* _Brief_: Would you repeat every entry below word for word but drop the images?

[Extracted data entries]
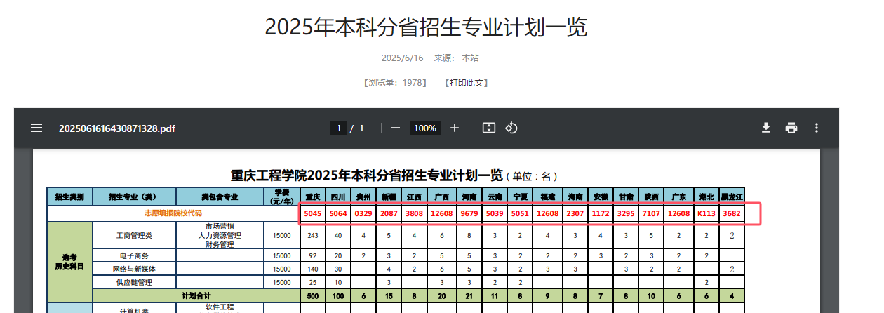 如登录北京市教育考试院官网,可查到【北京市2025年普通高等学校招生专业目录】;登录重庆工程学院招生网,可查到【2025年本科分省招生专业计划一览】等,2026年代码预计在6月份左右公布。
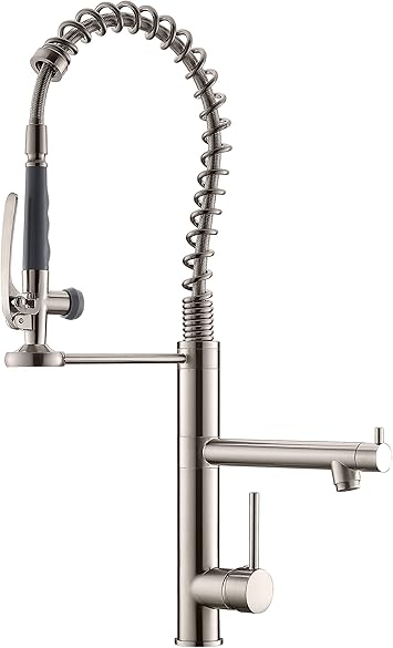 Commercial Kitchen Faucet with Pull Down Sprayer, AIMADI Modern Single Handle High Arch Pre-Rinse Spring Kitchen Sink Faucet, Brushed Nickel
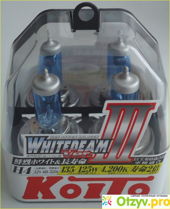 До этого пользовался OSRAM Bilux 60/55W. Germany. Цвет у этих ламп обычный бело-желтых тонов, освещенность была яркая и равномерная, благодаря скорее-всего качественной оптике. На KOITO Whitebeam 3 H4 60/55W.(135/125W/) выбор решили остановить по совету в Ялтинском автоделе, выбрав вариант с цветовой температурой 4200 К.
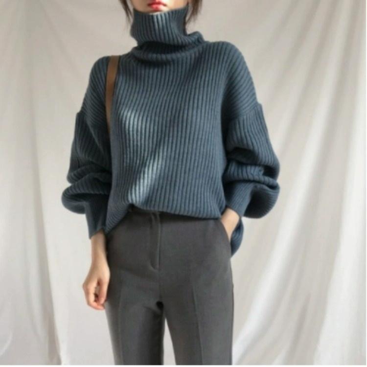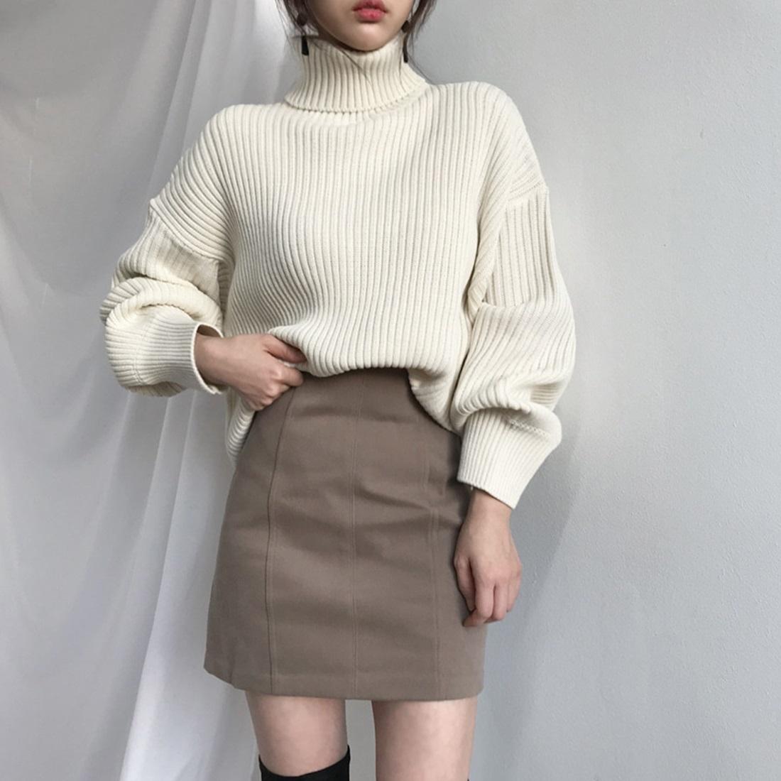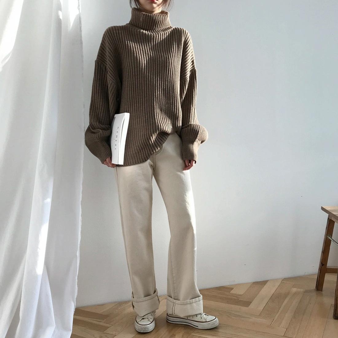 • 1 x Solid Colour Turtleneck Outer Wear Pullover Casual Sweater Beige - Free Size
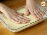 Decken Sie den Boden einer Auflaufform mit Frischhaltefolie ab und gießen Sie dann die Sahne darüber. Decken Sie die Creme mit Plastikfolie ab, um die Bildung einer Haut zu verhindern. Einige Stunden kalt stellen.
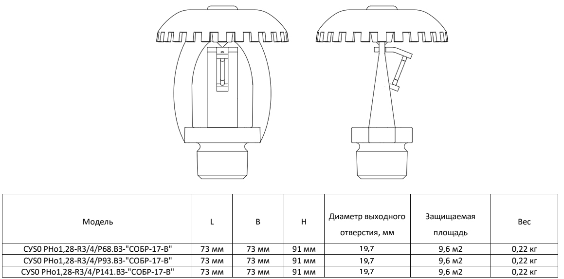 Ороситель спринклерный СУS0 РНо1,28-R3/4/Р141.ВЗ-"СОБР-17-В" быстродействующий повышенной производительности "СОБР" с резьбовым герметиком
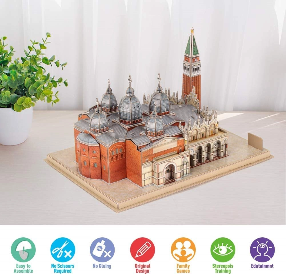Odkrijte čar Benetk z dovršeno sestavljanko Trg svetega Marka. 3D sestavljanka CUBICFUN iz izdaje National Geographic je izdelana iz posebne večplastne pene, prevlečene z laminiranim potiskanim papirjem, ki zagotavlja lepe barve in dolgo življenjsko dobo. Deli so predrezani – preprosto jih izlomite in po navodilih sestavite.
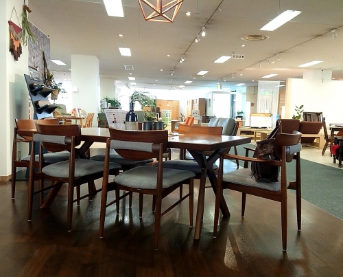 このダイニングテーブル、実物は、とっても素敵~。脚のデザインが、こだわっていてカッコいい!!
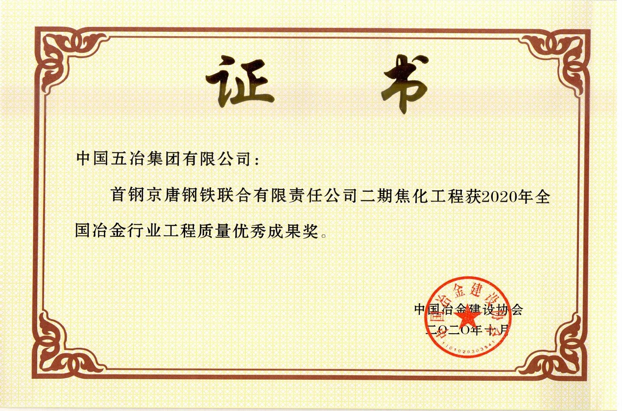 首鋼京唐鋼鐵聯(lián)合有限責任公司二期焦化工程榮獲2020年全國冶金行業(yè)工程質量優(yōu)秀成果獎
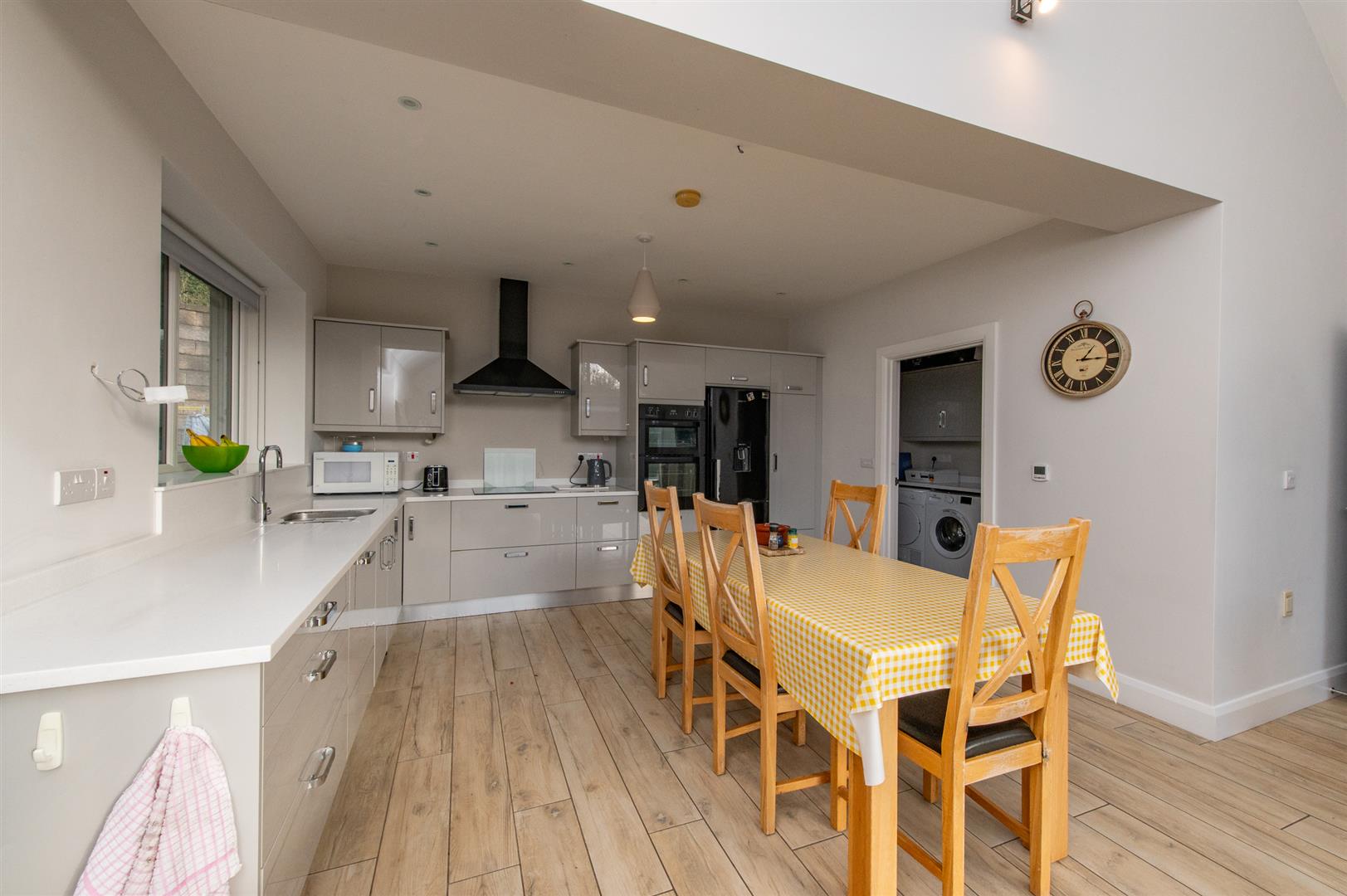 Entrance hallway with closet space and access to the W.C leading into the hallway with access to the bedrooms, following onto the spacious open plan area providing the perfect Living, Dining & Kitchen space for entertaining with the stunning feature window with views & fitted with multi fuel stove. Kitchen fitted with a modern range of units to include eye level grill & oven, space for fridge freezer, integrated Dishwasher with recessed lighting and tiled flooring throughout. Separate utility are with range of high and low level units, sink & space for appliances. Bedroom one with tiled flooring, walk in dressing area with ensuite and the additional feature of corner window. Ensuite comprising Bath, W.C and wash hand basin with tiled floor & part tiled walls. Bedroom two with wood flooring, rear view aspect & ensuite comprising walk in shower, W.C, wash hand basin with fully tiled walls and floor. Bedroom three with tiled floor and rear view aspect.

* _Answer to this task_:
 如登录北京市教育考试院官网,可查到【北京市2025年普通高等学校招生专业目录】;登录重庆工程学院招生网,可查到【2025年本科分省招生专业计划一览】等,2026年代码预计在6月份左右公布。
 Commercial Kitchen Faucet with Pull Down Sprayer, AIMADI Modern Single Handle High Arch Pre-Rinse Spring Kitchen Sink Faucet, Brushed Nickel
 До этого пользовался OSRAM Bilux 60/55W. Germany. Цвет у этих ламп обычный бело-желтых тонов, освещенность была яркая и равномерная, благодаря скорее-всего качественной оптике. На KOITO Whitebeam 3 H4 60/55W.(135/125W/) выбор решили остановить по совету в Ялтинском автоделе, выбрав вариант с цветовой температурой 4200 К.
 • 1 x Solid Colour Turtleneck Outer Wear Pullover Casual Sweater Beige - Free Size
 Decken Sie den Boden einer Auflaufform mit Frischhaltefolie ab und gießen Sie dann die Sahne darüber. Decken Sie die Creme mit Plastikfolie ab, um die Bildung einer Haut zu verhindern. Einige Stunden kalt stellen.
 Ороситель спринклерный СУS0 РНо1,28-R3/4/Р141.ВЗ-"СОБР-17-В" быстродействующий повышенной производительности "СОБР" с резьбовым герметиком
Odkrijte čar Benetk z dovršeno sestavljanko Trg svetega Marka. 3D sestavljanka CUBICFUN iz izdaje National Geographic je izdelana iz posebne večplastne pene, prevlečene z laminiranim potiskanim papirjem, ki zagotavlja lepe barve in dolgo življenjsko dobo. Deli so predrezani – preprosto jih izlomite in po navodilih sestavite.
 このダイニングテーブル、実物は、とっても素敵~。脚のデザインが、こだわっていてカッコいい!!
 首鋼京唐鋼鐵聯(lián)合有限責任公司二期焦化工程榮獲2020年全國冶金行業(yè)工程質量優(yōu)秀成果獎
 Entrance hallway with closet space and access to the W.C leading into the hallway with access to the bedrooms, following onto the spacious open plan area providing the perfect Living, Dining & Kitchen space for entertaining with the stunning feature window with views & fitted with multi fuel stove. Kitchen fitted with a modern range of units to include eye level grill & oven, space for fridge freezer, integrated Dishwasher with recessed lighting and tiled flooring throughout. Separate utility are with range of high and low level units, sink & space for appliances. Bedroom one with tiled flooring, walk in dressing area with ensuite and the additional feature of corner window. Ensuite comprising Bath, W.C and wash hand basin with tiled floor & part tiled walls. Bedroom two with wood flooring, rear view aspect & ensuite comprising walk in shower, W.C, wash hand basin with fully tiled walls and floor. Bedroom three with tiled floor and rear view aspect.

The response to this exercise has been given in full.